This summer Lava was nasty to us (me). We had a guy in a skinny 14'er who flawlessly threaded the needle on a left sneak line there was no way a big loaded gear boat could have done. I was the sweep boat expecting to pick up his pieces... well my boat had a perfect line I just wasn't in it. Talk about luck, I have rewatched the go pro footie a million times, I swear my line and every oar stroke was on point but an messy surge and failure to let go of the oar meant I got to watch my girlfriend tube lava and then row son of lava from the passenger seat while I was in the water.
1st rule of the boat, stay in the boat.


----------



## Rick A (Apr 15, 2016)

I didn't think it was possible to get more excited about the trip but reading about your trip is getting me even more pumped up.


----------



## Gremlin (Jun 24, 2010)

mattman said:


> ...got 19,500 last time for Adrenaline Alley


Curious what you are calling Adrenaline Alley. We had 19,000 out of the dam at high tide in August last year. I didn't keep track of the days we hit rapids at their highest but some days definitely felt BIG. Also found a HUGE hole in the bottom of Tanner that was NOT expected!


----------



## mattman (Jan 30, 2015)

Horn, Granite, Hermit, Crystal. I ran the sneak lines on all of those at higher water, but did the traditional horn split at Horn, and the normal lines at Granite, Hermit this last time. Still went far right at Crystal. My friends in an 18' went right at Horn this last time and had one BIG ride!


----------



## yesimapirate (Oct 18, 2010)

Gremlin said:


> Curious what you are calling Adrenaline Alley. We had 19,000 out of the dam at high tide in August last year. I didn't keep track of the days we hit rapids at their highest but some days definitely felt BIG. Also found a HUGE hole in the bottom of Tanner that was NOT expected!

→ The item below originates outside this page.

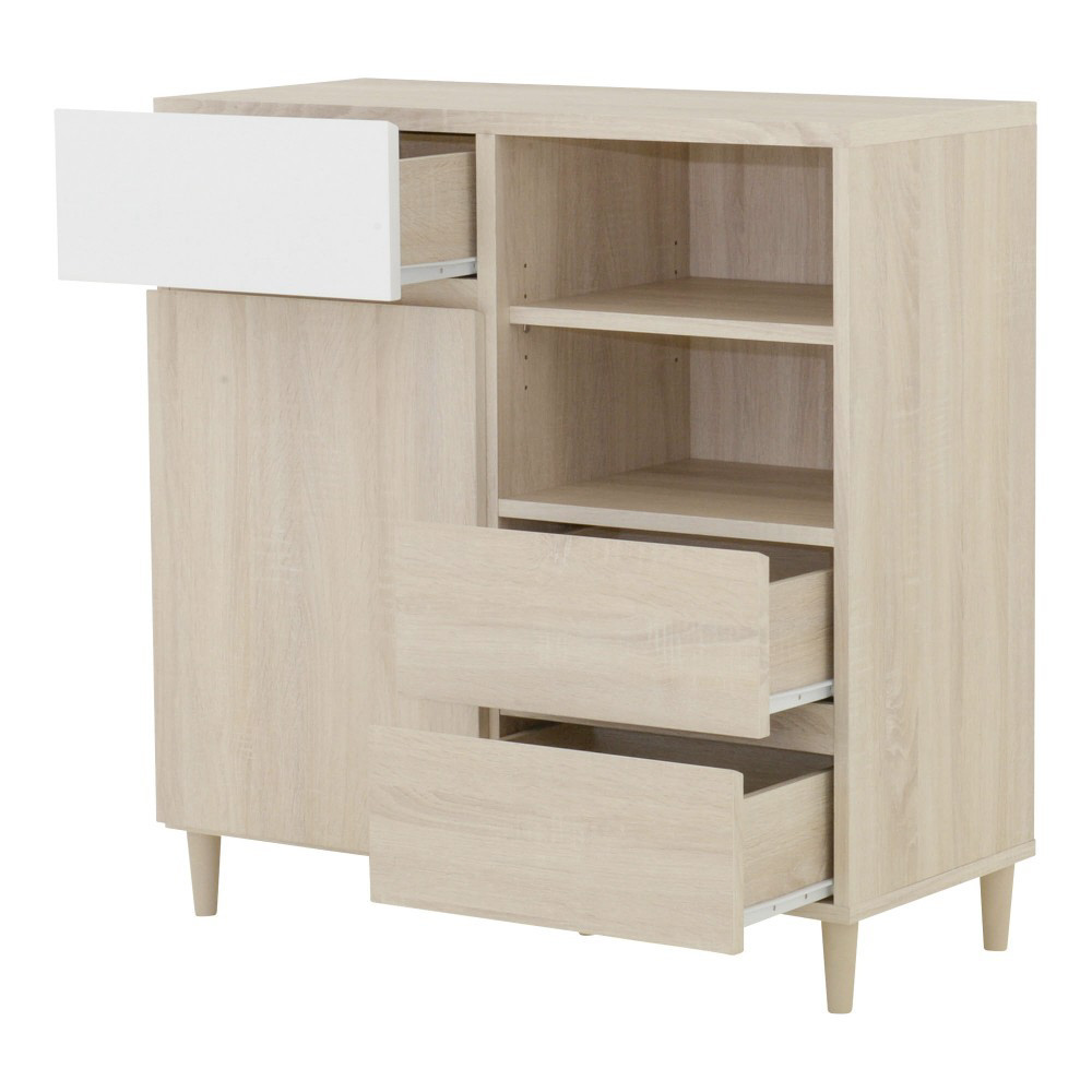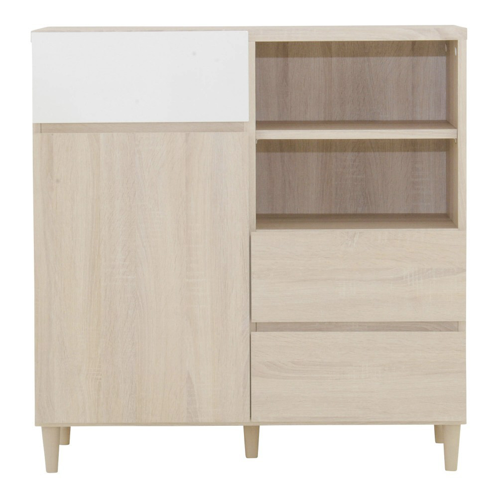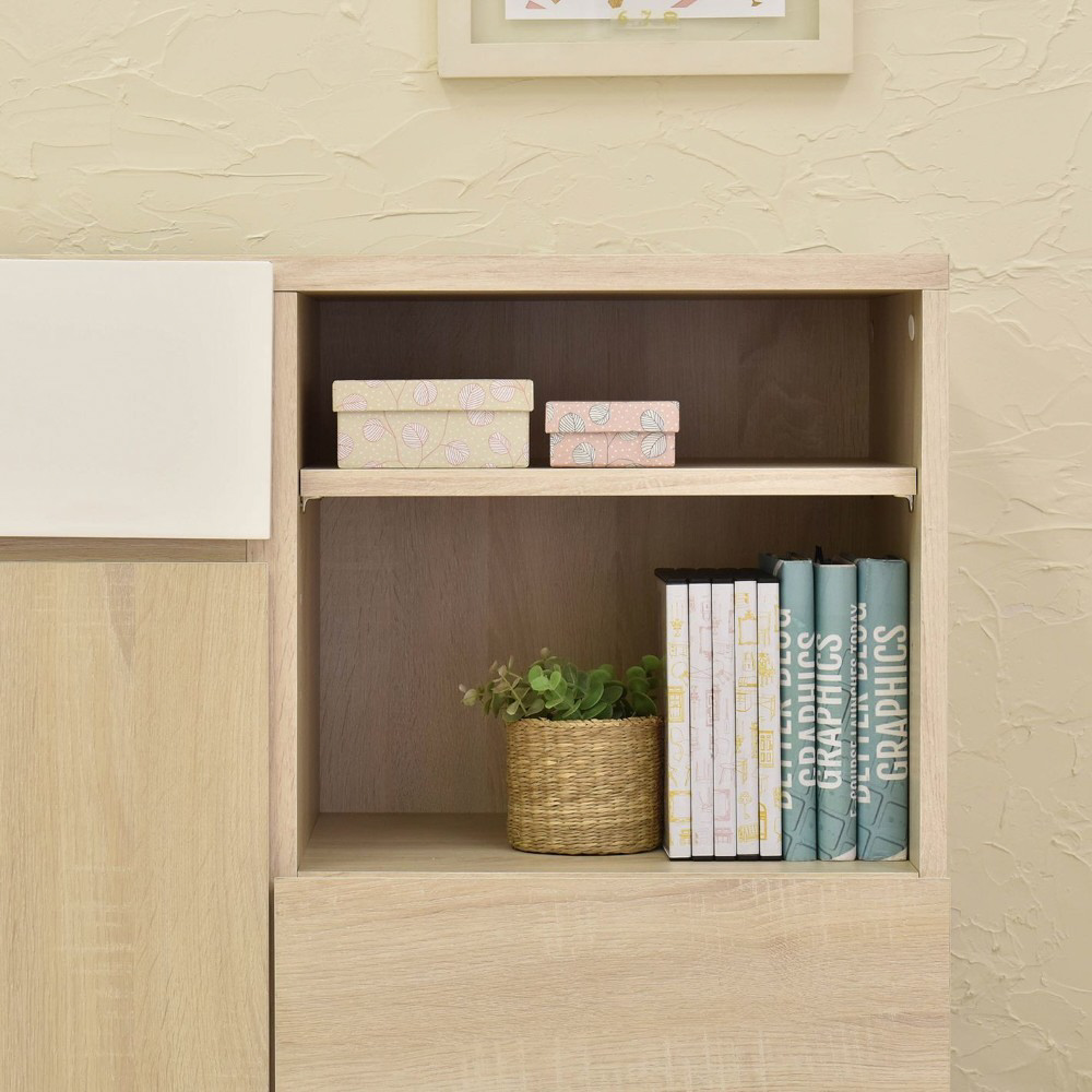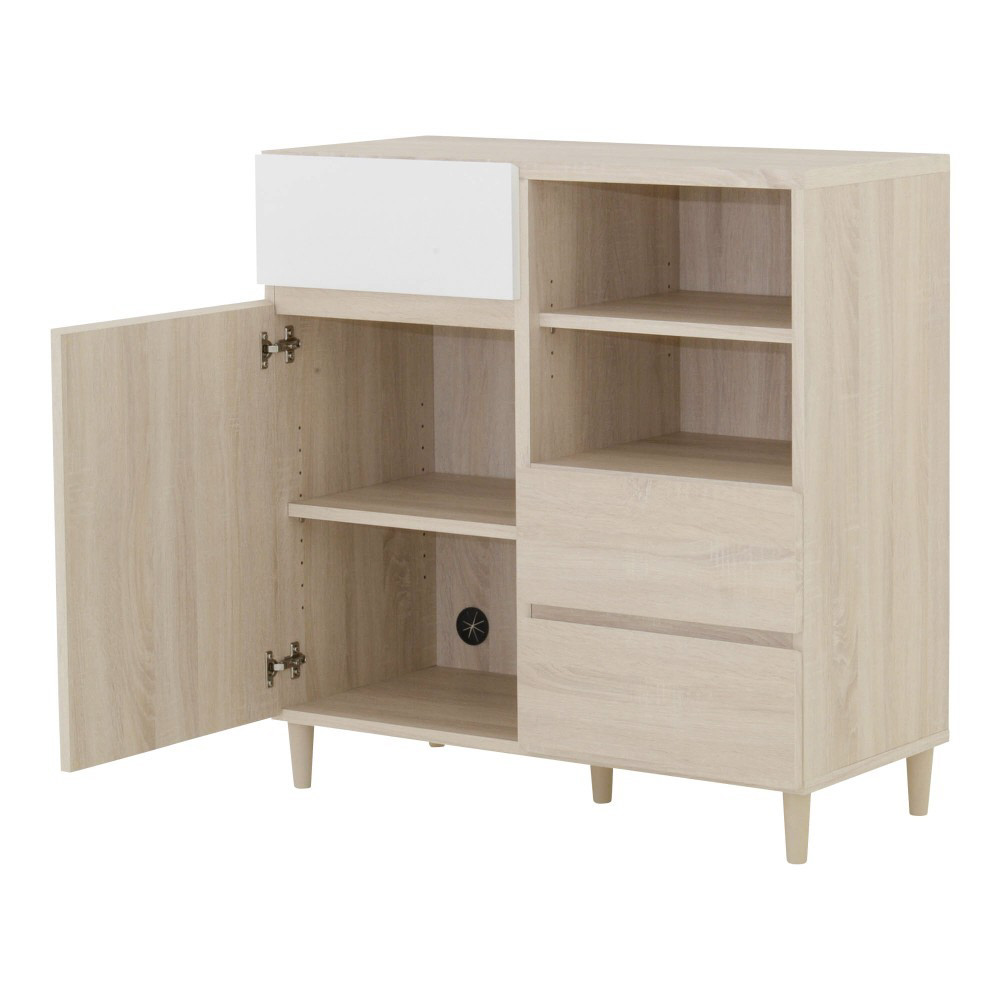 A4サイズが入る引出しや可動棚付きのオープン収納と扉付き収納が付いており、本や雑誌、紙類・文房具などを整理して収納できます。

Slight side convo - If anyone has good pics of Tanner rapid, I would love to see them. Our 3yr old is named Tanner, and he would be so pumped to see a rapid named the same as him. I know it's not a monster rapid, but still.


----------



## Gremlin (Jun 24, 2010)

Not a great photo of Tanner Rapid but it was taken from our sweep boat the moment I was about to get walloped. The next photo in the series, there is no boat visible directly in front of the cat. This was the last picture of me in the Grand with my left bicep muscle tendon still attached to the radius. Boo.


----------



## yesimapirate (Oct 18, 2010)

Thanks Gremlin! Sorry about your arm muscle.


----------